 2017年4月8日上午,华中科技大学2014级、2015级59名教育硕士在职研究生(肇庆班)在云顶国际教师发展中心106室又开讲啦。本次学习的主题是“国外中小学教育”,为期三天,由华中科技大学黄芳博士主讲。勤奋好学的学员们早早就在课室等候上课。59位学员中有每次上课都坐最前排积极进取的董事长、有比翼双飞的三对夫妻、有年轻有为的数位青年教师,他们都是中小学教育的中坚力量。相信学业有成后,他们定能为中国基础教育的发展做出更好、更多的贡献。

* * *

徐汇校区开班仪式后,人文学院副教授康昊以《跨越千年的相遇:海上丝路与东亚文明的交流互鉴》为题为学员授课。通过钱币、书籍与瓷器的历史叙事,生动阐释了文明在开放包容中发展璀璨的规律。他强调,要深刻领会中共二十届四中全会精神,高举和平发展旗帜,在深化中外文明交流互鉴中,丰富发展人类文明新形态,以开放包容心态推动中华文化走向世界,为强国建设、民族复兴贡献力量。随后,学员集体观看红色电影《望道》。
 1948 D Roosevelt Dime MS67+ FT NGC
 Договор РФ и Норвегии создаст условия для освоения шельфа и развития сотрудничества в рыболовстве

* * *

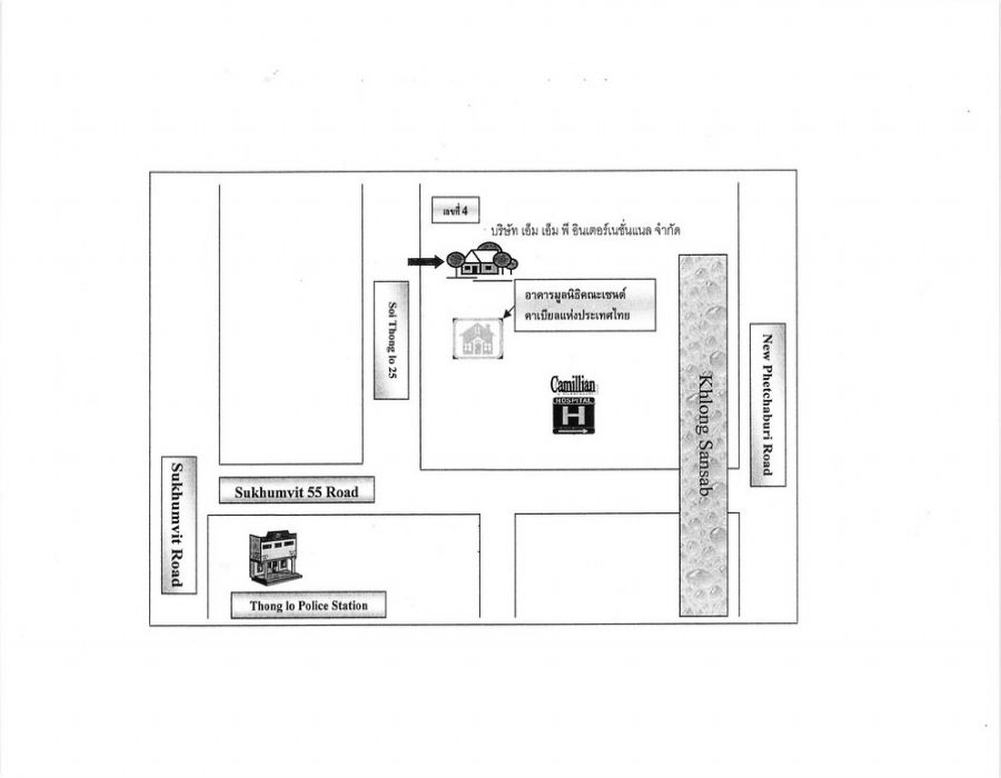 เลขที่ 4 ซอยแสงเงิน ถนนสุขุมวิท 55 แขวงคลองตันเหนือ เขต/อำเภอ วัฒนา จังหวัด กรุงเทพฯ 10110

— Task statement —
Both the line containing "1948 D Roosevelt Dime MS67+ FT NGC" and the line containing "Договор РФ и" belong in the answer. Print them and every line above that falls between them exactly, and no others.

— Exercise output —
 1948 D Roosevelt Dime MS67+ FT NGC
 Договор РФ и Норвегии создаст условия для освоения шельфа и развития сотрудничества в рыболовстве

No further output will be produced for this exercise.